You know what I mean - aeroplane manoeuvres that you get when moving against air. Satellites don't move like that. Neither do they travel through "interstellar" space, since by definition they remain orbiting earth and don't travel between stars. 
GFY 
I was talking about the Resident Evil series. 
^ Of Course Satellites Can Do That 
but he means that x-wings move like spitfires, they swoop and turn like they're using differences in airpressure on the wing like a plane in air rather than a spacecraft which would have to use other means such as thrusters. He doesn't mean that nothing we've put into space can ever be pointed in a direction we want.

Very well thought out post there Kell by the way, nicely articulated the argument for believability being the goal in scifi technology. It's all about keeping the world coherent and plausible while allowing yourself to create the story you want. If you want absolute realism, you probably have to rule out humans meeting any alien races, especially humanoids that speak english as so often happens. 
Ah 
guess i was replying on a page that had been open for a while.. 
 
I was talking about the Resident Evil series.

Actually I thought you were referring to Parasite Eve hence the capital P, but same difference.
Maybe I should have used a different smiley.
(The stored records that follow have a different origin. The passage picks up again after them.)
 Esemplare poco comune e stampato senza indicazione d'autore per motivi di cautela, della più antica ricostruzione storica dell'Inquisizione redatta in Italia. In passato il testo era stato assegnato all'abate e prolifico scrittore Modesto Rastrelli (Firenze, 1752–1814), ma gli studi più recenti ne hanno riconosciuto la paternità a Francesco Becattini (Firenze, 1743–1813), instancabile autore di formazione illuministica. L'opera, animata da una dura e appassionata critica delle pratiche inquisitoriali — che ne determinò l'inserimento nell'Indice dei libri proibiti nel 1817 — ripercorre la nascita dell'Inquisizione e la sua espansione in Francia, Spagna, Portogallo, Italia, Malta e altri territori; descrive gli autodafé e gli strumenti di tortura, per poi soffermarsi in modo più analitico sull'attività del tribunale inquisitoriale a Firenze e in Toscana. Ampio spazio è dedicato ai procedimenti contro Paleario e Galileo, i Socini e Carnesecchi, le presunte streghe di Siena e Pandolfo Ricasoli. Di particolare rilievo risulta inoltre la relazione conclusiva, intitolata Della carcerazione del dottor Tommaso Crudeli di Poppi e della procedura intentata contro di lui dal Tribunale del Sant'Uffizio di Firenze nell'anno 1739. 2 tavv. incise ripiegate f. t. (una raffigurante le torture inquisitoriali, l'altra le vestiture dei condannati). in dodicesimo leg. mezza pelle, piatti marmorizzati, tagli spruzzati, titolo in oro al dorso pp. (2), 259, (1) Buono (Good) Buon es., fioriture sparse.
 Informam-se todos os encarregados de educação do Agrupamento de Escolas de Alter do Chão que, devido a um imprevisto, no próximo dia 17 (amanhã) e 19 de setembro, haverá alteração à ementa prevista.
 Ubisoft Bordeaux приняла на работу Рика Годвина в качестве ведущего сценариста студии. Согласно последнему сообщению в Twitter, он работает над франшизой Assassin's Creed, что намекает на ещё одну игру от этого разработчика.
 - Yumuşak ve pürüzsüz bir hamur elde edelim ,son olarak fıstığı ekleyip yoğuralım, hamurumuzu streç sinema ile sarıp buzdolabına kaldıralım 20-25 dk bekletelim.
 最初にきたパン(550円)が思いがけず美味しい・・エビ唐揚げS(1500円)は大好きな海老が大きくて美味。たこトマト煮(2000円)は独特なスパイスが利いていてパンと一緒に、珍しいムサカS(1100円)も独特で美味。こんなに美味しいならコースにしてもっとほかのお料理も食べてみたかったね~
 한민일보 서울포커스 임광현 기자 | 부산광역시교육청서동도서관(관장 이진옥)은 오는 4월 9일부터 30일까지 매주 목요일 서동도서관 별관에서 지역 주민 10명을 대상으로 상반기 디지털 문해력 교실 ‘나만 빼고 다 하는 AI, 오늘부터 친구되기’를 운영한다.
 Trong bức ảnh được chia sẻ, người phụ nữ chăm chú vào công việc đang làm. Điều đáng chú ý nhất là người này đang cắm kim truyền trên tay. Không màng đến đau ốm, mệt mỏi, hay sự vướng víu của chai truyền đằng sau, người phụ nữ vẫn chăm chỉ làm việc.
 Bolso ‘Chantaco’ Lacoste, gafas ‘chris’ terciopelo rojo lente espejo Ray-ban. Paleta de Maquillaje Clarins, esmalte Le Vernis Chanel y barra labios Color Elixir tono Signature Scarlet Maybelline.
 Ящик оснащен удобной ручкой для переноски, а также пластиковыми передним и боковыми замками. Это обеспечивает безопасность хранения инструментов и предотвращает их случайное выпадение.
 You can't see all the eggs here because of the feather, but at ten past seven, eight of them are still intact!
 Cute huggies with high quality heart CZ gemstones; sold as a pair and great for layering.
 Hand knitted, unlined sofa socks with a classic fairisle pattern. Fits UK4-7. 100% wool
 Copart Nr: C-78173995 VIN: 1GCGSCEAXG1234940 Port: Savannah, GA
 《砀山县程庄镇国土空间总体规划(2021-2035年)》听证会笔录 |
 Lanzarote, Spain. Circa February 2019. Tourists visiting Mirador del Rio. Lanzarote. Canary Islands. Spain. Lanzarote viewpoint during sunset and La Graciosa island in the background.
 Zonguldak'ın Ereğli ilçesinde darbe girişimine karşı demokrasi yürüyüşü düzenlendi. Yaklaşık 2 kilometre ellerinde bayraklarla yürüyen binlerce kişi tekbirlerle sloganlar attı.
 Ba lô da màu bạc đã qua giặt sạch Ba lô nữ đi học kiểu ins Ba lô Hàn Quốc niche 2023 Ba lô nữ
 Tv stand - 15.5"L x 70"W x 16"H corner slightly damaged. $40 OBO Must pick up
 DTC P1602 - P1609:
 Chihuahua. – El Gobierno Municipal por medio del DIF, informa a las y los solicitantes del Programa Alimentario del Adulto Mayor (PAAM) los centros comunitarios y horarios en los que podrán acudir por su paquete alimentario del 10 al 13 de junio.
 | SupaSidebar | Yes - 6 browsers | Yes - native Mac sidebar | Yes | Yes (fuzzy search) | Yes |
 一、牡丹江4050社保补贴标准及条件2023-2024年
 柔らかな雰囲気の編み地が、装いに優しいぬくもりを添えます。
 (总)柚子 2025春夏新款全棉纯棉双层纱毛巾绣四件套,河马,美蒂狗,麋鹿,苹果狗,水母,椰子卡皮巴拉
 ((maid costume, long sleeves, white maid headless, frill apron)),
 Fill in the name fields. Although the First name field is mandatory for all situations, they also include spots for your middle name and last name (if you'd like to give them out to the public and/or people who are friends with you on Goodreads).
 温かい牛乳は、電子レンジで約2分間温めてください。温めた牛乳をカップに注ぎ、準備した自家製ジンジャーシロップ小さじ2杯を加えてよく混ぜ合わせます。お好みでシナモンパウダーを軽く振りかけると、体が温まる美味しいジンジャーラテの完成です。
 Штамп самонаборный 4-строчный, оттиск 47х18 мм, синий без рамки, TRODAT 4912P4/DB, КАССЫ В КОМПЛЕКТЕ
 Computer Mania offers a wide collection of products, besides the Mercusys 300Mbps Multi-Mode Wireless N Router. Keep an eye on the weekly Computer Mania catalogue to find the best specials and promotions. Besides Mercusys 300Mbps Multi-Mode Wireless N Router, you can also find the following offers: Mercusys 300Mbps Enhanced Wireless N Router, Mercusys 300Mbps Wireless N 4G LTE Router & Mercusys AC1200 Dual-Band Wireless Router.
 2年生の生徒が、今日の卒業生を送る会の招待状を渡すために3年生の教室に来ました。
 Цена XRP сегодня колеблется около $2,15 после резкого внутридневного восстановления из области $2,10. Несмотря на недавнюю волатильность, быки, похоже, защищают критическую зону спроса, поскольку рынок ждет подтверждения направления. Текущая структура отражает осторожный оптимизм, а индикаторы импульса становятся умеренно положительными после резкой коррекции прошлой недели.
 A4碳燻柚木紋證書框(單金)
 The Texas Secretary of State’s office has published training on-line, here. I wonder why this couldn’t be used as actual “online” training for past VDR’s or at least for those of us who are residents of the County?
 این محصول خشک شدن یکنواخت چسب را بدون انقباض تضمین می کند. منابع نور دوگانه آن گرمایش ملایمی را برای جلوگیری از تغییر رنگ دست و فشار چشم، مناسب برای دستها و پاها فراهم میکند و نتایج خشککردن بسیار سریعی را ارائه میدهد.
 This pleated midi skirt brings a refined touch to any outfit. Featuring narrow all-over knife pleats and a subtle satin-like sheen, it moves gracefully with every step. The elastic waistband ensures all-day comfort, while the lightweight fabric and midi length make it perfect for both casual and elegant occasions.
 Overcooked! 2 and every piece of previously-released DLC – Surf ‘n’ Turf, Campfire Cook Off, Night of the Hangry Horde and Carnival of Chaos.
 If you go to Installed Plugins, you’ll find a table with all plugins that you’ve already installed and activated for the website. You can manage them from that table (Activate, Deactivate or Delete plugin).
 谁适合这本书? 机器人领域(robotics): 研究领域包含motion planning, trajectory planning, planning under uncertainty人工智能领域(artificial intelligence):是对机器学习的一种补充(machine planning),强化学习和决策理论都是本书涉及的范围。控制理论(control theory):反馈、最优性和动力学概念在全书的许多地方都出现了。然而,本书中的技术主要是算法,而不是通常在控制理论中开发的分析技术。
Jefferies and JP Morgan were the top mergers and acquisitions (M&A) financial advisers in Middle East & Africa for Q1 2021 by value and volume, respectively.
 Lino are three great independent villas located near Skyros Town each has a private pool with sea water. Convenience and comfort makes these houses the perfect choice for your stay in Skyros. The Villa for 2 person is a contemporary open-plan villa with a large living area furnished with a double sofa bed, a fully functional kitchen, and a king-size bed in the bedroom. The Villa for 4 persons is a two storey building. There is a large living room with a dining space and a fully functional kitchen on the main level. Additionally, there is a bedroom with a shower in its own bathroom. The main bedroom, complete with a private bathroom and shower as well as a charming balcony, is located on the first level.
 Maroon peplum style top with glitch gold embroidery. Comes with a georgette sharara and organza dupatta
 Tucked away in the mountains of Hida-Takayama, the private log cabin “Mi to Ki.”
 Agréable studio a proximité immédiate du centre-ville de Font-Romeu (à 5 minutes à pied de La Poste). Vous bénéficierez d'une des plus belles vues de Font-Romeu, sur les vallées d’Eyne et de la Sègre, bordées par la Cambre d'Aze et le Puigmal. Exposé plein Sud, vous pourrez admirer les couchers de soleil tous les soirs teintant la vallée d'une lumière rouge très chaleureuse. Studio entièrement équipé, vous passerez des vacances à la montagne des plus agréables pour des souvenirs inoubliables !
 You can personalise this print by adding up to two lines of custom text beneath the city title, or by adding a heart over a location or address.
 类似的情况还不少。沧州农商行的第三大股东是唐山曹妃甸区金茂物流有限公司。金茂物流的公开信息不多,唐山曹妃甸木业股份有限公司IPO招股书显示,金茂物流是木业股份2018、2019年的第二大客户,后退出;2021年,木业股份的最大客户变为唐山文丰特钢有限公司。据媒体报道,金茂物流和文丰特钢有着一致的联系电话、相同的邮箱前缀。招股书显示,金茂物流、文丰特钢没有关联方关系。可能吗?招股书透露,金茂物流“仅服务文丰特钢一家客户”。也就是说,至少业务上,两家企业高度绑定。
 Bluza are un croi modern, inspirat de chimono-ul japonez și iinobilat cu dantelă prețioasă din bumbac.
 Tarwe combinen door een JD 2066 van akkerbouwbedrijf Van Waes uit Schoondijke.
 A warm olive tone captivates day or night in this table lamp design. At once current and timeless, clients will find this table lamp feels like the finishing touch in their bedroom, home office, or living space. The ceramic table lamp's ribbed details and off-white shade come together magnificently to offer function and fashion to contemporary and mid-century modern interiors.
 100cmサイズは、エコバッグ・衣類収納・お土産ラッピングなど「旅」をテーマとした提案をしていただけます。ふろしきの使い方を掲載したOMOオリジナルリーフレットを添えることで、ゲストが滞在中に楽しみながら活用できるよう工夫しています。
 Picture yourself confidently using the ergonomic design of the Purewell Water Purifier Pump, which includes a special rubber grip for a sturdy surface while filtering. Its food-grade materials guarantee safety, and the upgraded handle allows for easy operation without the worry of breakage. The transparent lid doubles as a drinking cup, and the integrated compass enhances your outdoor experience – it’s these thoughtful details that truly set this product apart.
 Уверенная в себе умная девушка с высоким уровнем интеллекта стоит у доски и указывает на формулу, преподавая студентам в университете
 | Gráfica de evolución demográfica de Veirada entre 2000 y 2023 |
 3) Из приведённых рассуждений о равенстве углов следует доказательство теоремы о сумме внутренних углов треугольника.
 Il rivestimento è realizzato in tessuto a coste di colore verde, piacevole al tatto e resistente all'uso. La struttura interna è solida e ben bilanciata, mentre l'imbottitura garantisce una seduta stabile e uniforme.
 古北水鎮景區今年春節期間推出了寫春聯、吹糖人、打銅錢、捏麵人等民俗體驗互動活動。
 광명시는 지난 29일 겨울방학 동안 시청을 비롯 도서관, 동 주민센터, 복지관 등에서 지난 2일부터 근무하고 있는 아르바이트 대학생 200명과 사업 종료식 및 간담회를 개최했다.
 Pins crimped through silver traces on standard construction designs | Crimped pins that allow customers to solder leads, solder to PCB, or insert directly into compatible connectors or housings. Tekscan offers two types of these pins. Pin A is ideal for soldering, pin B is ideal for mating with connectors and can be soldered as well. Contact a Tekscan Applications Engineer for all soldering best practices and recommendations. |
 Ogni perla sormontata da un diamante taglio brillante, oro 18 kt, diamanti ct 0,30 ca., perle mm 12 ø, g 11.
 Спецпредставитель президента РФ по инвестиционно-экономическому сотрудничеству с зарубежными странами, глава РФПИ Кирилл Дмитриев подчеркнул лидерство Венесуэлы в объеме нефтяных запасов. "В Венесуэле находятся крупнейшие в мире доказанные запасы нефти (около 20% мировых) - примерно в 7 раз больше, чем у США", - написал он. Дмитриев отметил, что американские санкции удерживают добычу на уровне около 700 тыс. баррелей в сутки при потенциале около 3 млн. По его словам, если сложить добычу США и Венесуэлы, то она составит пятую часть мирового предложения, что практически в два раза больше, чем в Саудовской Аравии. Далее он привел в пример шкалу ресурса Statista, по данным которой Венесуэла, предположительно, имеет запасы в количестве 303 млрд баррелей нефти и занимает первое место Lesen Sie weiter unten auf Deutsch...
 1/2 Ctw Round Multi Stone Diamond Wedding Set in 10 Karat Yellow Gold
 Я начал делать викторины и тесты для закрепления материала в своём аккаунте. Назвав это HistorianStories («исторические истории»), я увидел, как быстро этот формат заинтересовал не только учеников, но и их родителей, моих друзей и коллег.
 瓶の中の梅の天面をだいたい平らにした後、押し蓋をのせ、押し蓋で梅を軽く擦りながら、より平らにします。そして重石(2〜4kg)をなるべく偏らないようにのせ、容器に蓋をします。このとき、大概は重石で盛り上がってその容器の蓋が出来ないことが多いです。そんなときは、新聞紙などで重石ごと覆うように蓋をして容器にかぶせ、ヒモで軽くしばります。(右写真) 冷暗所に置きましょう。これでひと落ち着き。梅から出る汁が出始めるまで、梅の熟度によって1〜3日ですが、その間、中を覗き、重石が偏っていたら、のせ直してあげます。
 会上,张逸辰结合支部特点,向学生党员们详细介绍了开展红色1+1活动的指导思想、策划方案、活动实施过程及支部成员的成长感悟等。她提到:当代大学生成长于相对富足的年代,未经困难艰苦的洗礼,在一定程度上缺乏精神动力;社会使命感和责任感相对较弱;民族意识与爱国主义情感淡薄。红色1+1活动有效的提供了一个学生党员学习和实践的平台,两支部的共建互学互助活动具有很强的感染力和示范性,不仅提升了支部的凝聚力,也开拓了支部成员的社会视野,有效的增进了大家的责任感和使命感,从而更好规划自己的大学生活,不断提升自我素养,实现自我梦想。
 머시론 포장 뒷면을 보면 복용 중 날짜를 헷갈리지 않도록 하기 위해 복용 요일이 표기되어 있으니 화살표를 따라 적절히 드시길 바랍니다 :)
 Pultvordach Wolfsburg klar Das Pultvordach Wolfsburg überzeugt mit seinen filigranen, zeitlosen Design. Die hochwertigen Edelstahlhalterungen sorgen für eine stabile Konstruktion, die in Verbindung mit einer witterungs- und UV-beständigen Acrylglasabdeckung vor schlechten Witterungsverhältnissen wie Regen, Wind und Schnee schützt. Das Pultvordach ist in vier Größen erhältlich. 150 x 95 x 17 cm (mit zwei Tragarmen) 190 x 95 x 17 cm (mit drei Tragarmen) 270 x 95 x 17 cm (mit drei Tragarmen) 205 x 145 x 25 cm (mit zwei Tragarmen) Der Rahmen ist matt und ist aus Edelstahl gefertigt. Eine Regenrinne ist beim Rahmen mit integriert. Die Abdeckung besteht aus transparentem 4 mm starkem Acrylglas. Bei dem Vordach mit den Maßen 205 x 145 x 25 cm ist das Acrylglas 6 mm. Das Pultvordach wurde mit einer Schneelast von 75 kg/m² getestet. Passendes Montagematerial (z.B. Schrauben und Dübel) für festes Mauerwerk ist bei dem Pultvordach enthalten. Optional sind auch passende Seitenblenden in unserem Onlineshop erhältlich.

starbuck: thanks. with a name like yours you ought to know a bit about swooping spaceships yourself :P 
Yes, Believability 
is exactly what im aiming for. (that's a very relative concept, btw) As i explained earlier, im not really trying to nail down my spaceship design for the maps directly. It's like building a ww2 themed level - you try to gather as much information and background on architecture, landscape, army, etc. as possible, to get a picture of how it worked. Maybe that's a pretty good phrase for what im doing: getting a picture of how something like that could happen.

re: believability in games: Look at hl2. those giant three-legged thingies that shot at you. throw one grenade on the ground before them, and they should be gone (but they aren't in the game(?)) - nobody would design a weapon like that. I can't even think of a scenery where they would be of advantage. That kind of stuff annoys me (slightly).

Now, q3 is obviously not a realistic environment to build in, but i tend to build my maps in a way that doesn't base off the q3 scenarios. And thinking stuff through is kind of fun for me, makes the process more interesting.

Also, i thought guys like bambuz would like the discussion =)

on topic again: Im sketching around a bit after chatting with bamb and others yesterday. What about the loading bay having 'arm'-like structures, kinda like those flexible hallways they have at airports to make the planes easily boardable? Those would make getting out of the ship fast on rough ground easier.